2.3.3. Related covariates
The following variables were entered in the model as potential covariates based on previous studies [12, 13, 24]. Sociodemographic factors: sex, age, scale of residence, household income, education level, marital status, and three-groups of the longest occupation according to the Korean Standard Classification of Occupation [25], which is originally categorized into 10 (white collar: manager, professionals and related worker and office worker; pink collar: service worker and sales worker; and blue collar: agriculture/forestry/fishery, craft and related trades workers, machine operators and assemblers, labor workers, and soldier).

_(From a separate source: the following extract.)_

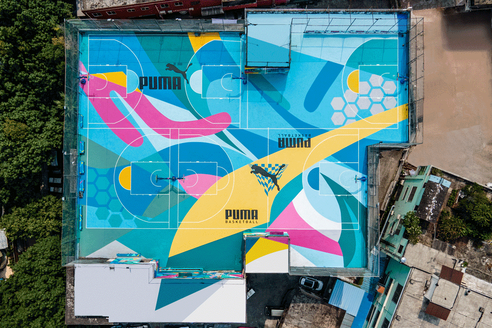 为了迎接 TRC Blaze Court 新配色发布,PUMA 在位于广州太古仓旁的临江天台球场大秀肌肉。
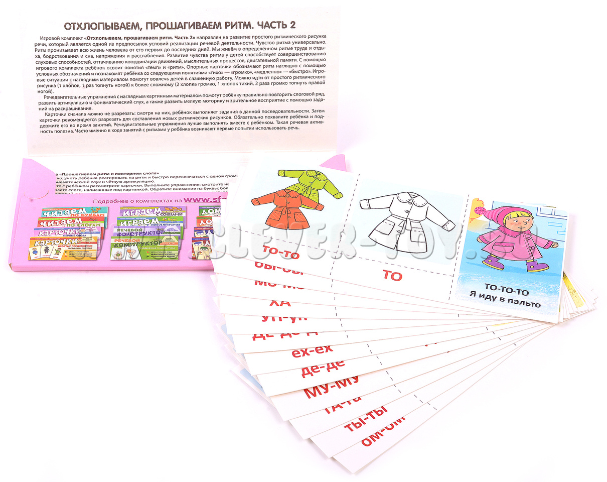 Набор "Отхлопываем, прошагиваем ритм. Часть 2" - это 12 листов, на которых собраны 60 карточек и 4 увлекательные игры. Он предназначен для детей от 1 года до 4 лет.

Health behavioral or other related factors: body mass index, smoking status, pack-year of smoking, drinking (more than once in a month: yes or no), hypertension, diabetes, and the year variables.
2.4. Statistical analysis
Sex-specific factors can influence physical activity and pulmonary outcomes [26]. Accordingly, all analyses were sex-stratified, and the results were proposed in the same way. To identify the general characteristics of the study population, number and percentage were presented with the results of a chi-square test. Multiple logistic regression analysis was performed to identify the association between physical activity and pulmonary function. For subgroup analyses, stratification of other covariates, pattern of pulmonary function defect, and physical activity were examined to investigate detail relationship. In subgroup analysis for pattern of pulmonary function, multinomial logistic regression was utilized owing to the multinomial category of dependent variable. The association between all variables in this study was estimated using odds ratios (ORs) and 95% confidence intervals (CIs). SAS version 9.4M6 (SAS Institute, Cary, NC, USA) was used for all statistical analyses.